• [What you are asked to do]:
Reproduce, word for word, the lines in the material below starting with the one that has "Saga veggplater i" and going on through the one that has "While the sailing". Leave out all pictures.

___ Listed entries ___

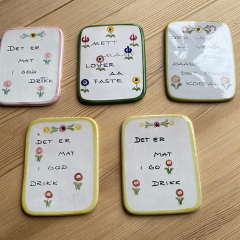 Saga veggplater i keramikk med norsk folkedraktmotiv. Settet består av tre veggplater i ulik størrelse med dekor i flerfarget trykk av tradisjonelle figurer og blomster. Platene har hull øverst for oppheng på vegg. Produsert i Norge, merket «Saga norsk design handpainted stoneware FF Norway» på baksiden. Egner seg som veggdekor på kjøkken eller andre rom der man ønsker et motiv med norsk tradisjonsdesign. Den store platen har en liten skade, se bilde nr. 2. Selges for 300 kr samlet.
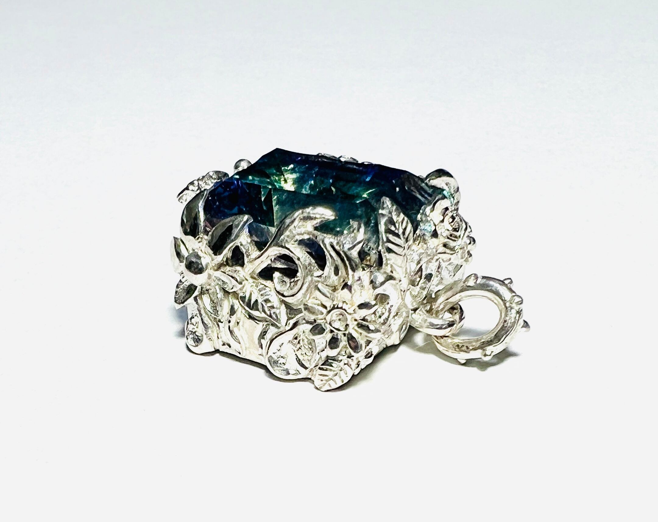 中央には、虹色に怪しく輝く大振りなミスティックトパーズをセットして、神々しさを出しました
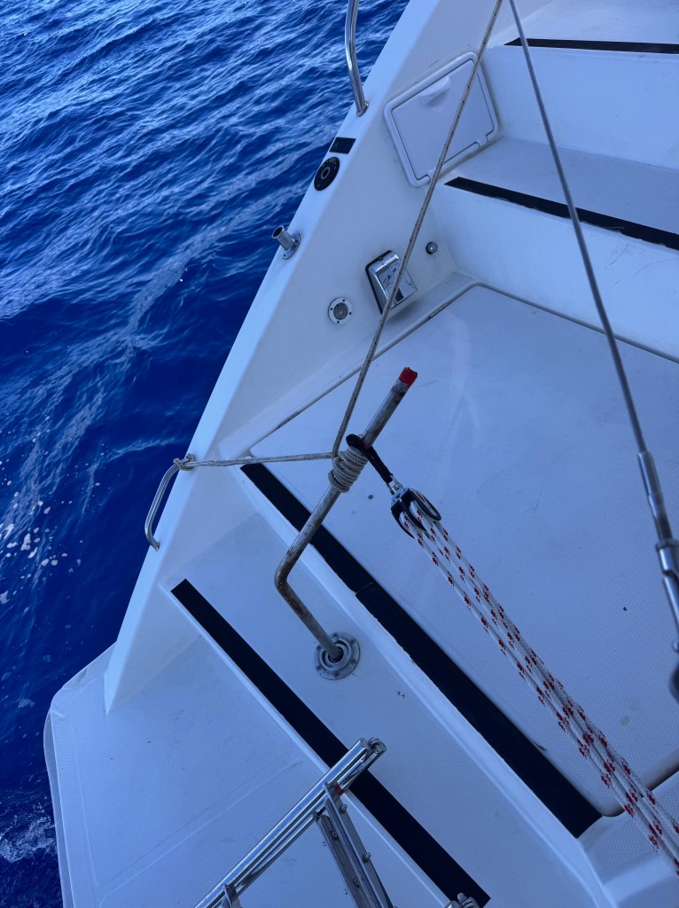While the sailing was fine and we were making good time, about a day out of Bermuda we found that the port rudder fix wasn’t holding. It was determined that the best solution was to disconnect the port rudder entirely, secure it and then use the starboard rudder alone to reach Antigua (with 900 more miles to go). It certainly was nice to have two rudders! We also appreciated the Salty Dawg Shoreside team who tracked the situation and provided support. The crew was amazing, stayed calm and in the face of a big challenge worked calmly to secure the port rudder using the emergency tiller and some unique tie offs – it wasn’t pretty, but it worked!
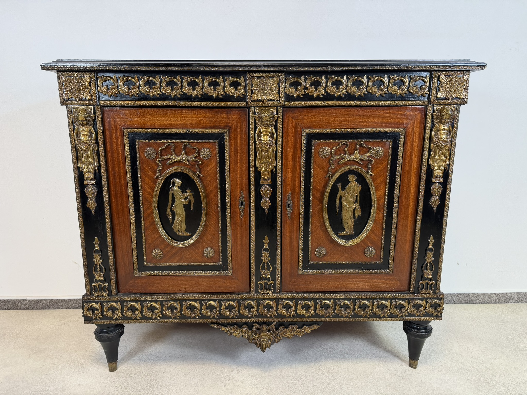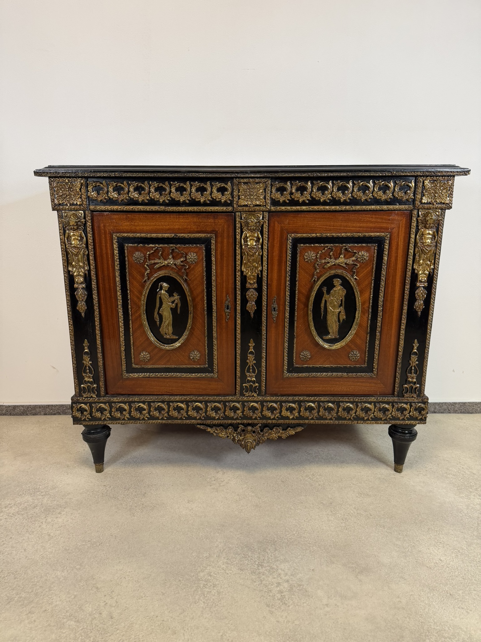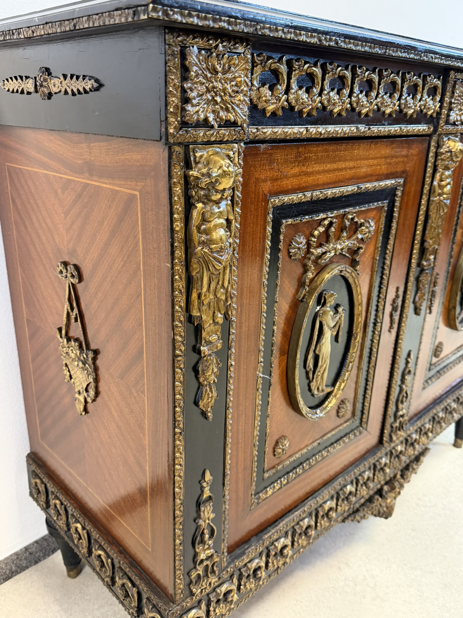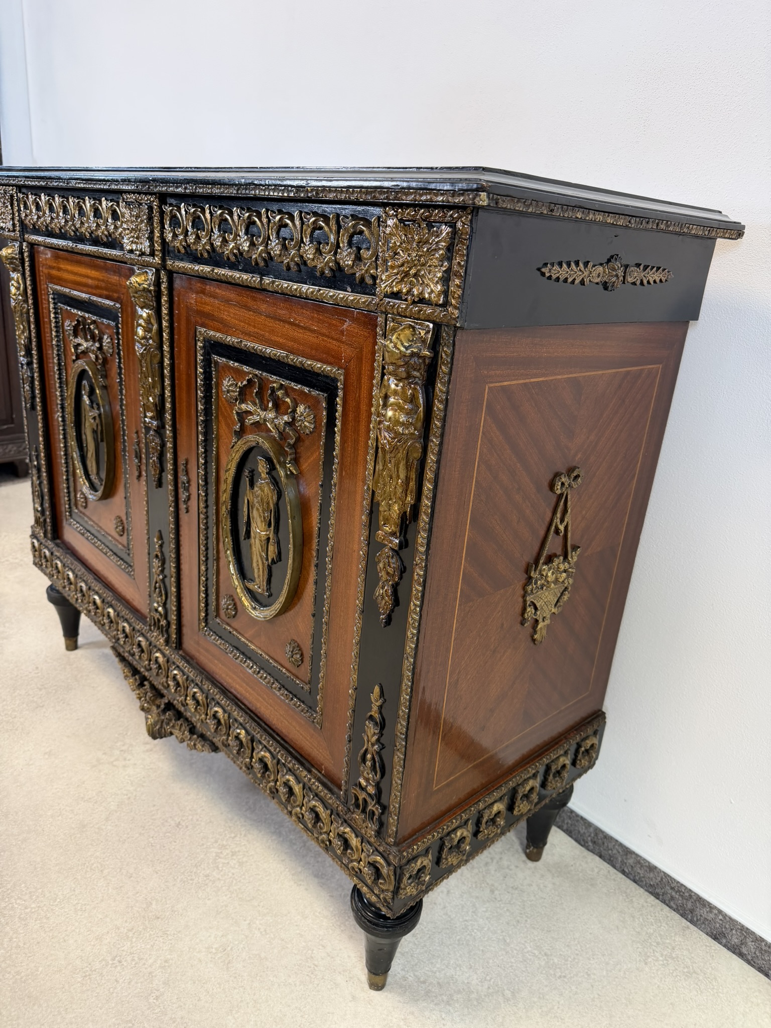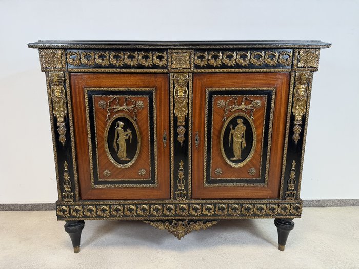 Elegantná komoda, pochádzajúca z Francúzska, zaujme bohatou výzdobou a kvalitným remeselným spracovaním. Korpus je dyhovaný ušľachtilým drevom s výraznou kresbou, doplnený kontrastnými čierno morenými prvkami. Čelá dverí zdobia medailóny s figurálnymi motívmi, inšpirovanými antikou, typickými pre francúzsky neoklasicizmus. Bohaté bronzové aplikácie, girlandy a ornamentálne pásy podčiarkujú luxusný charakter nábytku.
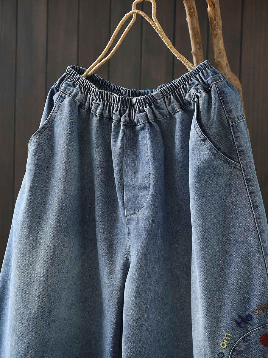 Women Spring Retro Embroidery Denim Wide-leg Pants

___
___ Listed entries ___

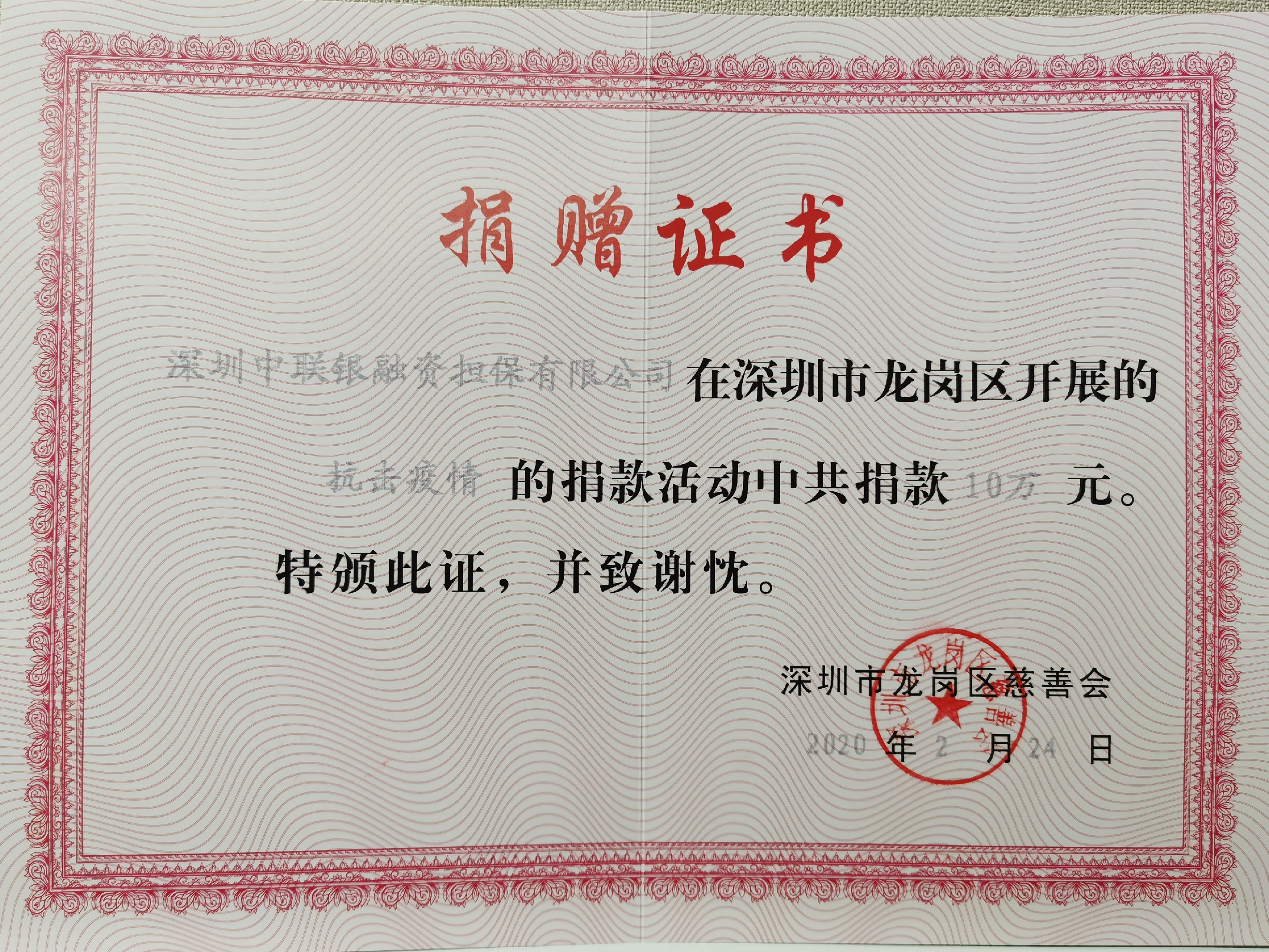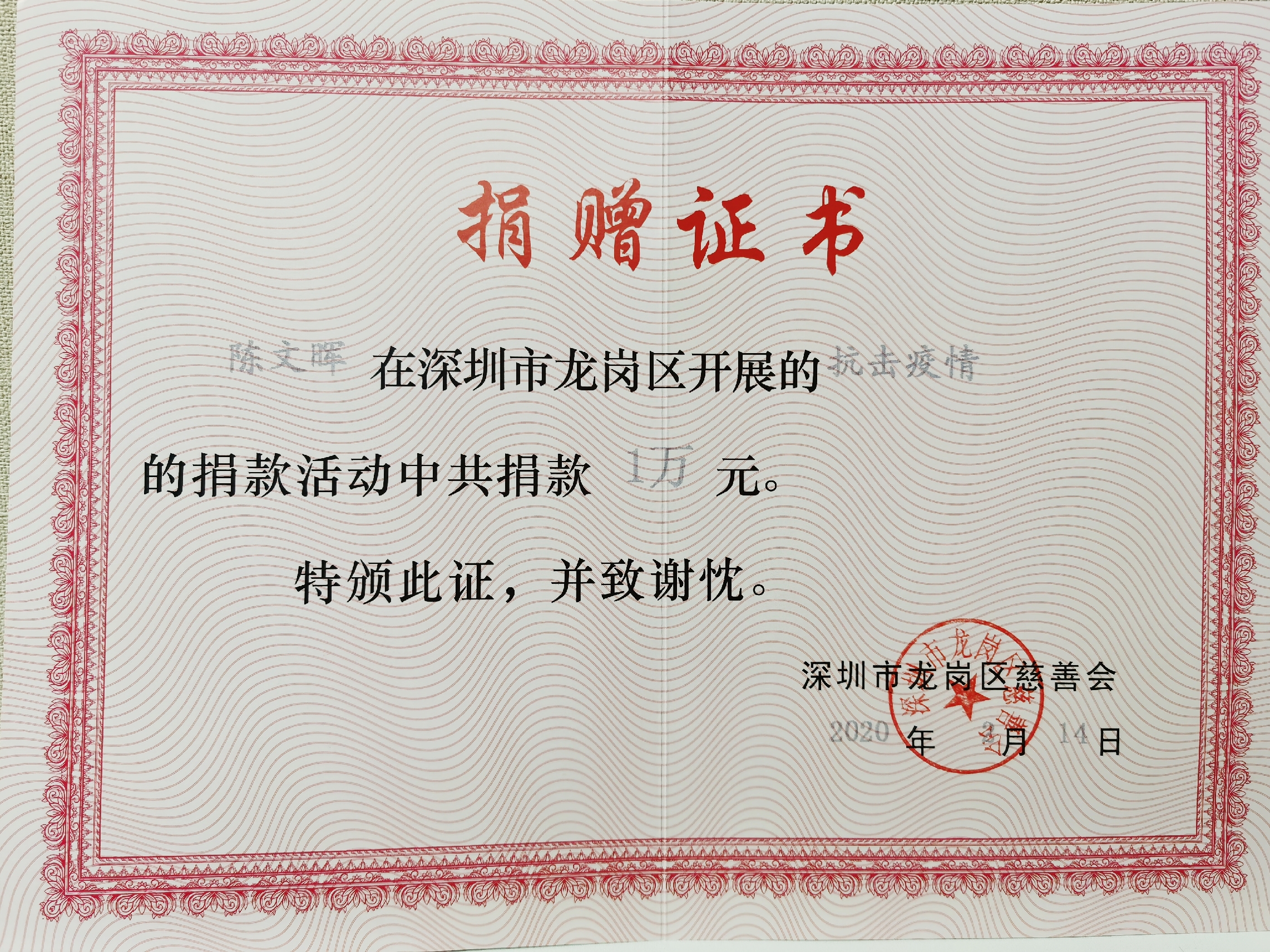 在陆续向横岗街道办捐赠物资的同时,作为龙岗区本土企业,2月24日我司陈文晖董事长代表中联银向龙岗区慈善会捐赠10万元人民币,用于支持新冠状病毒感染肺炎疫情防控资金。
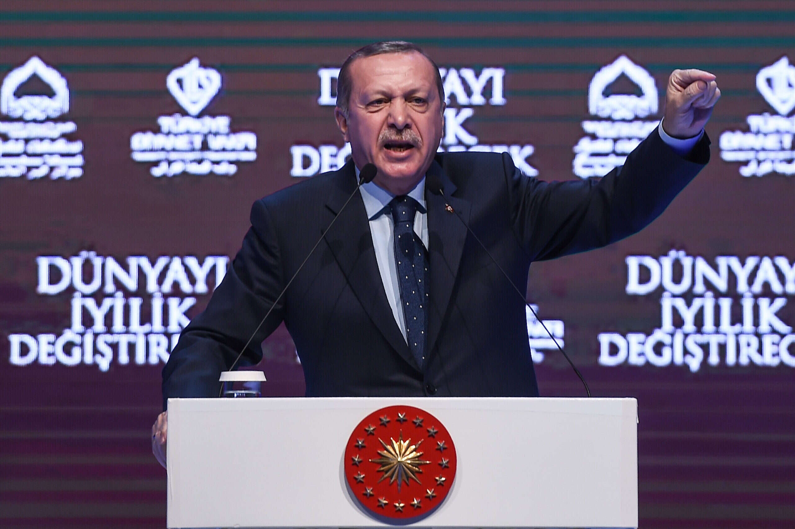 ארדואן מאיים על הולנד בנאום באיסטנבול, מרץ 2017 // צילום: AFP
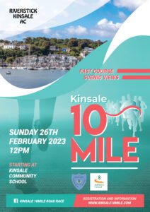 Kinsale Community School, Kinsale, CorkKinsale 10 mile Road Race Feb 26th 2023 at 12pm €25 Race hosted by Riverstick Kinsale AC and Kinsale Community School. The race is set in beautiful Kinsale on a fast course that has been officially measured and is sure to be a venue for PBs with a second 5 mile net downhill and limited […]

___

• [Answer for the task]:
 Saga veggplater i keramikk med norsk folkedraktmotiv. Settet består av tre veggplater i ulik størrelse med dekor i flerfarget trykk av tradisjonelle figurer og blomster. Platene har hull øverst for oppheng på vegg. Produsert i Norge, merket «Saga norsk design handpainted stoneware FF Norway» på baksiden. Egner seg som veggdekor på kjøkken eller andre rom der man ønsker et motiv med norsk tradisjonsdesign. Den store platen har en liten skade, se bilde nr. 2. Selges for 300 kr samlet.
 中央には、虹色に怪しく輝く大振りなミスティックトパーズをセットして、神々しさを出しました
While the sailing was fine and we were making good time, about a day out of Bermuda we found that the port rudder fix wasn’t holding. It was determined that the best solution was to disconnect the port rudder entirely, secure it and then use the starboard rudder alone to reach Antigua (with 900 more miles to go). It certainly was nice to have two rudders! We also appreciated the Salty Dawg Shoreside team who tracked the situation and provided support. The crew was amazing, stayed calm and in the face of a big challenge worked calmly to secure the port rudder using the emergency tiller and some unique tie offs – it wasn’t pretty, but it worked!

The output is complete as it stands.